→ Required work:
Copy the lines below exactly, starting at the one with "(200MB – 2GB). |" and ending at the one with "- Regular fit, high", and leave out any picture.
START Entries shown
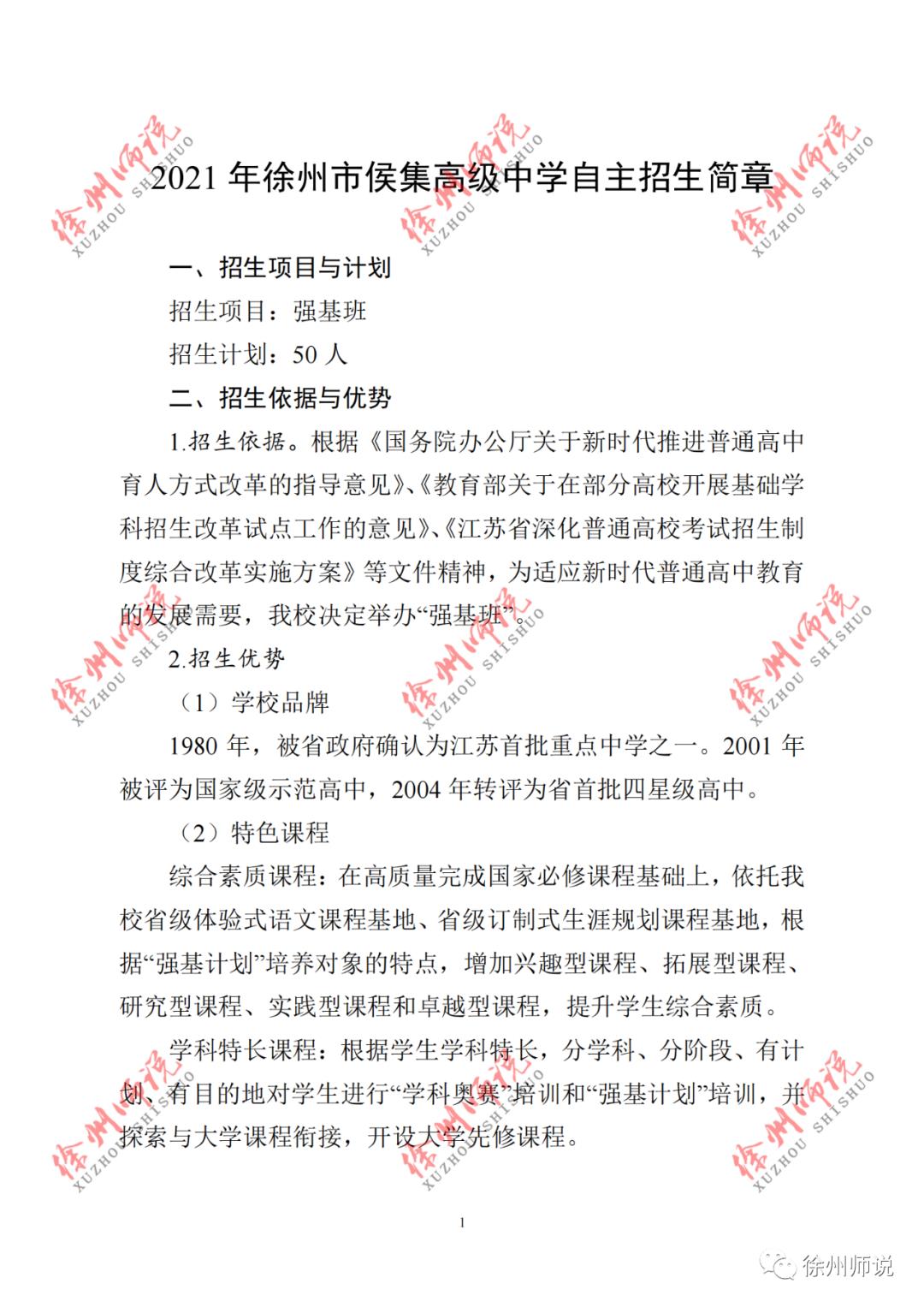 最新!2021年徐州一中、三中、侯集、徐高、三十六自主招生简章
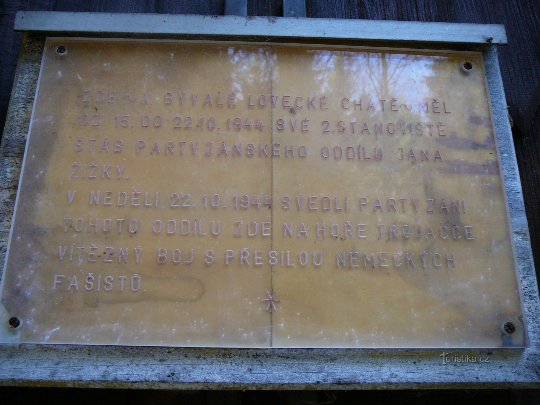 V říjnu 1944 pod horou Trojačka měly útočiště hned dvě významné partyzánské skupiny: Wolfram (vyslaný vládou ČSR z Londýna) a 1. ČS brigáda Jana Žižky pod velením J. Ušiaka. Byl jím stále stojící, dnes skoro zapomenutý a málo navštěvovaný srub (nyní chatka) hajného Josefa Faldyny. Místo je stále pohodlně přístupné po zpevněných lesních cestách a nachází se na horním toku Panského potoka …
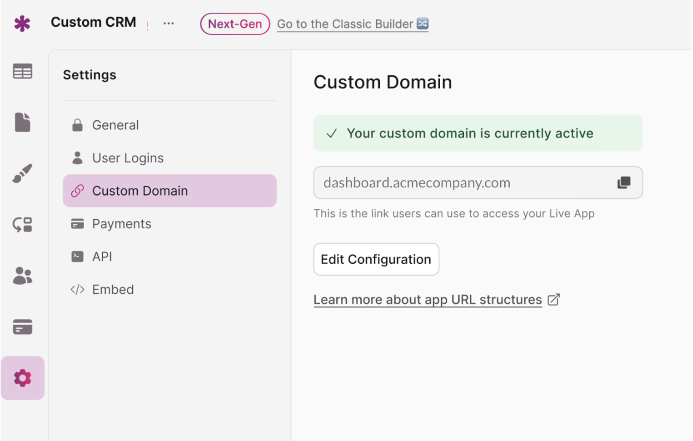Note: that if you used the crm.acmecompany.com as the custom domain for your Classic version of the Live App, then you cannot use it again for the Next Gen version of your Live App (so we used dashboard.acmecompany.com as the Next Gen version’s custom domain in this example)
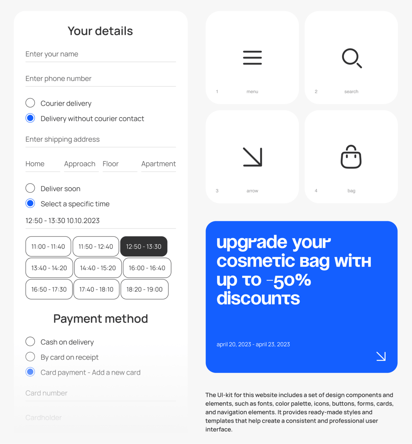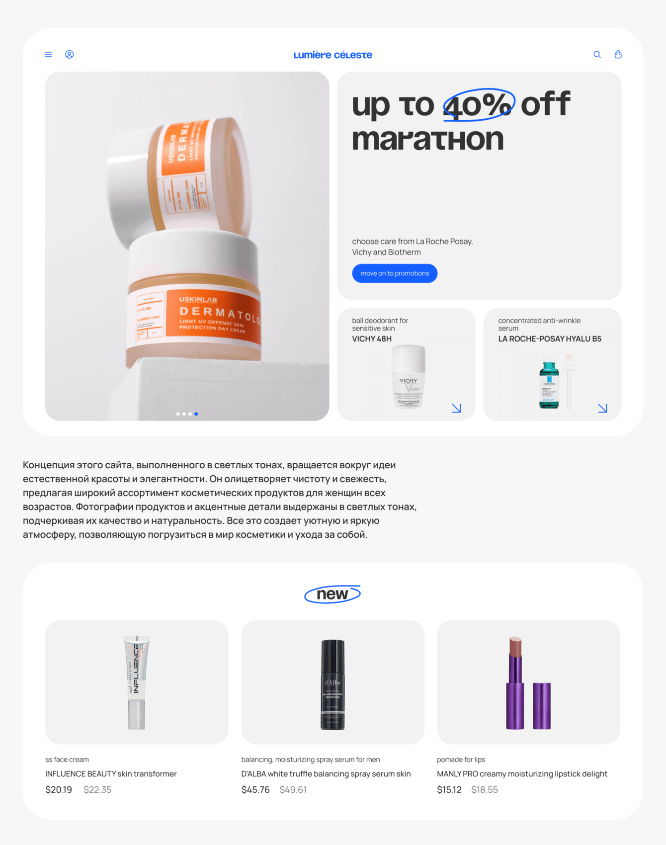 Результатом нашей работы стало успешное создание веб-сайта для онлайн-магазина косметики, который полностью соответствует ожиданиям заказчика. Благодаря эстетичному и удобному интерфейсу, а также расширенной функциональности, конверсия на страницах оформления заказа выросла благодаря улучшенному процессу покупки.
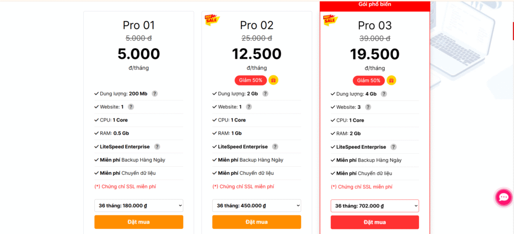 | Hạ tầng hiện đại, chuẩn Tier IIIĐảm bảo uptime 99,9%, tốc độ mạng 10Gbps ổn định. | Một số gói Hosting giá rẻ có dung lượng thấp (200MB – 2GB). |
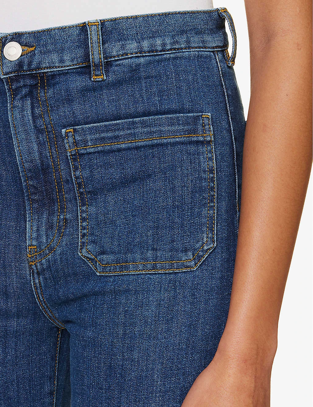 - Regular fit, high rise, flared leg, belt loops, contrast stitching, two patch pockets at front, darts at back, two patch pockets at back, brand patch at back
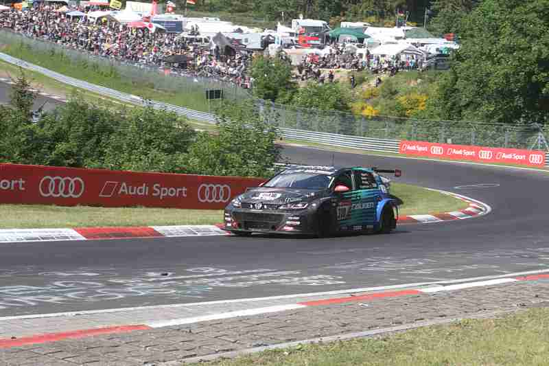 Auch das Max Kruse Team aus Hochfeld blieb von Unfällen nicht verschont. Auf der #310 beendeten Jasmin Preisig, Gustavo Xavier, Emir Asari sowie Matthias Wasel das Rennen auf P2 in der Klasse SP3T– im Gesamtklassement bedeutet dies einen sehr guten 53. Platz von 135 gestarteten Fahrzeugen obwohl beim Boxenstopp die Feuerlöschanlage ausgelöst wurde. Die Reinigung kostet dem Team ½ Stunde. Danach kämpften sie sich zurück bis auf fünf Sekunden Rückstand auf den Führenden. Beim Überrunden wurden sie dann hinten getroffen und schlugen in der Leitplanke ein, konnten aber weiterfahren.
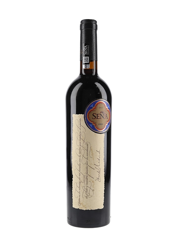 A bottle of 2015 Seña from Vinedo Chadwick from the Aconcagua Valley, Chile. This is a Bordeaux blend created by Eduardo Chadwick and the late Robert Mondavi.
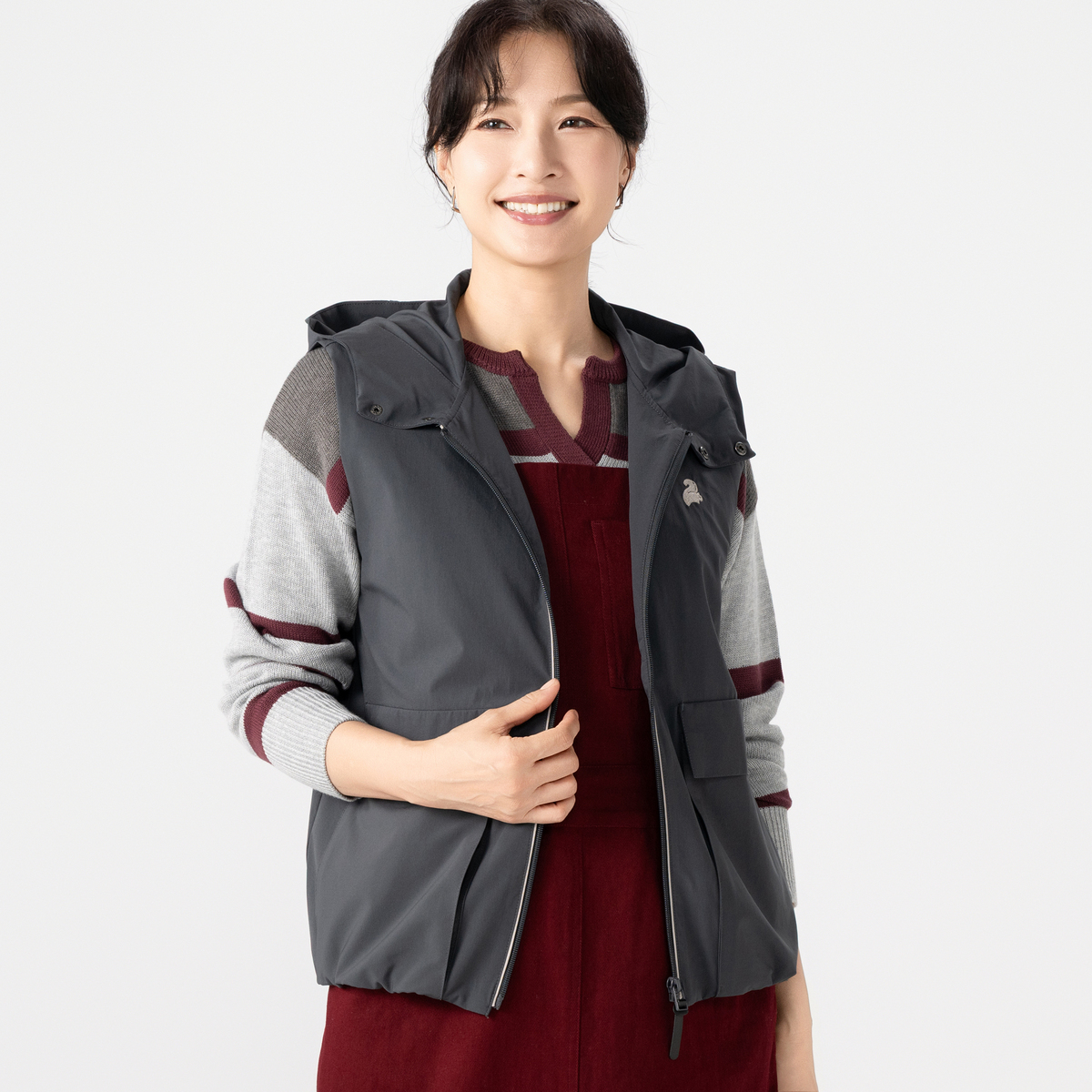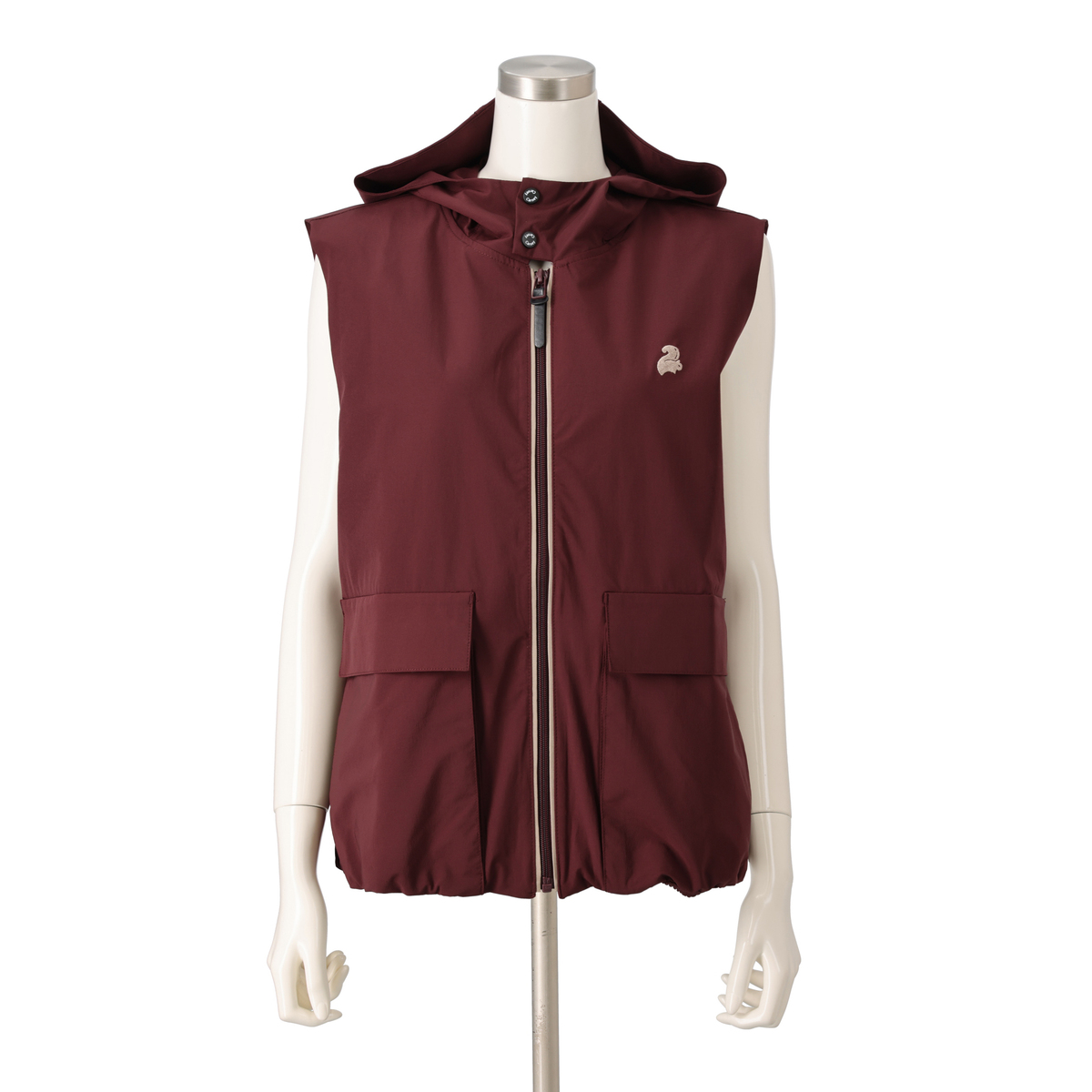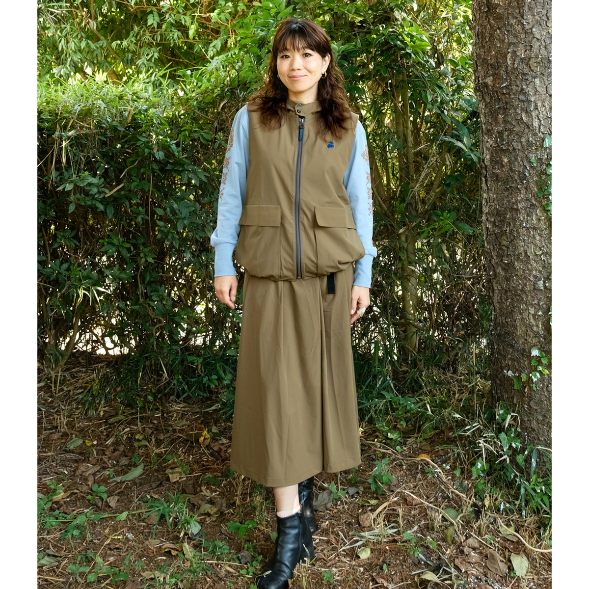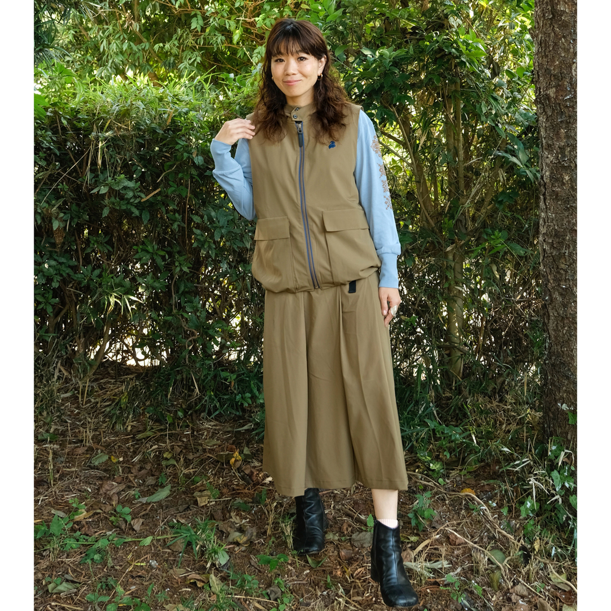 ベストのように羽織れるマウンテンパーカー。長い残暑の季節に合わせて、敢えて袖を無くしたスリーブレスのデザイン。幅広のひさしを付けたフードや、腰には上からも脇からも物を入れることができるポケットを備えています
END Entries shown
→ Solution:
 | Hạ tầng hiện đại, chuẩn Tier IIIĐảm bảo uptime 99,9%, tốc độ mạng 10Gbps ổn định. | Một số gói Hosting giá rẻ có dung lượng thấp (200MB – 2GB). |
 - Regular fit, high rise, flared leg, belt loops, contrast stitching, two patch pockets at front, darts at back, two patch pockets at back, brand patch at back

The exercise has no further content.